Artık, eylemlerin bileşik çekimine "durum bileşik zamanı" da eklenme­lidir. Ergin, adını "Kuvvetlendirme ve İhtimal" diye koyarken bu konuyu “Fiillerin Birleşik Çekimleri" adlı bölümün sonunda işler.[8] Banguoğlu, “Fiillerin Çekimi” bölümünde "Çevrik Kipler" başlığı altında inceler.[9] Ediskun, "Bileşik Zamanlı Fiiller" konusunun "Durum Bileşik Zamanı" bölümünde inceler.[10] Kükey “Hal Bileşik Zamanı” adı altında inceler.[11] Kimi dilbilgisi yapıtlarında böyle bir bölümleme ve adlandırmaya rastlanmamaktadır.   

Sorun, bununla bitmemektedir. Bir de durum bileşik zamanlı eylemlerin görevli olduğu tümcelerin "yüklemin soyuna göre" bölümlendirmesinde aldığı ad konusu vardır ve epeyce de çelişki vardır.

Ediskun, Durum Bileşik Zamanı diye bir bölüm açmasına karşın, "İsim Cümleleri" konusunda "yazıyordum, yorulmuşsunuzdur, gülerimdir, doğacak­tır, kullanmalıdırlar" gibi çekimli eylemlerle biten tümceleri, ad tümcesi sayıyor.[12] Gerekçesi ise belli değildir.

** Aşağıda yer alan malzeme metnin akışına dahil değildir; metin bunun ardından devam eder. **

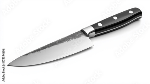High resolution studio shot of a professional chef's knife gleaming with sharpness

Burdurlu ise daha da çelişkilidir: "İnsan, dallarla bulutlarla bir hep o maviliklerden geçmiştir." tümcesini eylem tümcesi sayarken, "Şimdi orada herkes yataklara serilmişlerdir." tümcesini ad tümcesi sayıyor.[13]

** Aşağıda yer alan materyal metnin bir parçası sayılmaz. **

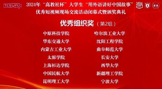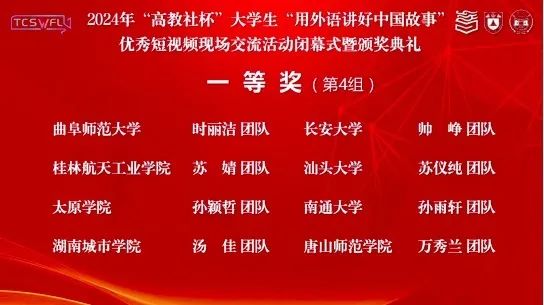 曲阜师大外国语学院讯 近日,由中国英汉语比较研究会指导,南京大学、湖南大学主办,高等教育出版社协办的2024年“高教社杯”大学生“用外语讲好中国故事”优秀短视频现场交流活动举办。曲阜师大外国语学院2022级英语师范生时丽洁及其团队成员张立鑫、陈佳悦、董雨琦在吉锡媛和刘萍老师指导下荣获山东省特等奖、国家级一等奖,米兰网获优秀组织奖。

Burdurlu'nun çelişkisini, üç kişilik kurulca hazırlanan Türkiye Türkçesinin Sözdizimi[14]  adlı yapıtta da görüyoruz: "Bu insanların içine kurt düşmüştür.", "Ayrıca şiir sanatı oldum bittim burada açıklaması yapılan şiir olmamıştır, o bir masal anlatmış, öykü de anlatmıştır." gibi örnekler eylem tümcesi sayılırken; "İnsanlık, birtakım düşün akımlarına kulak vermesini bilmiştir.", "Bir fikir uğruna fedai olmayı göze almış insan takdirle, minnetle karşılanmalıdır." gibi tümceler de ad tümcesi sayılmıştır.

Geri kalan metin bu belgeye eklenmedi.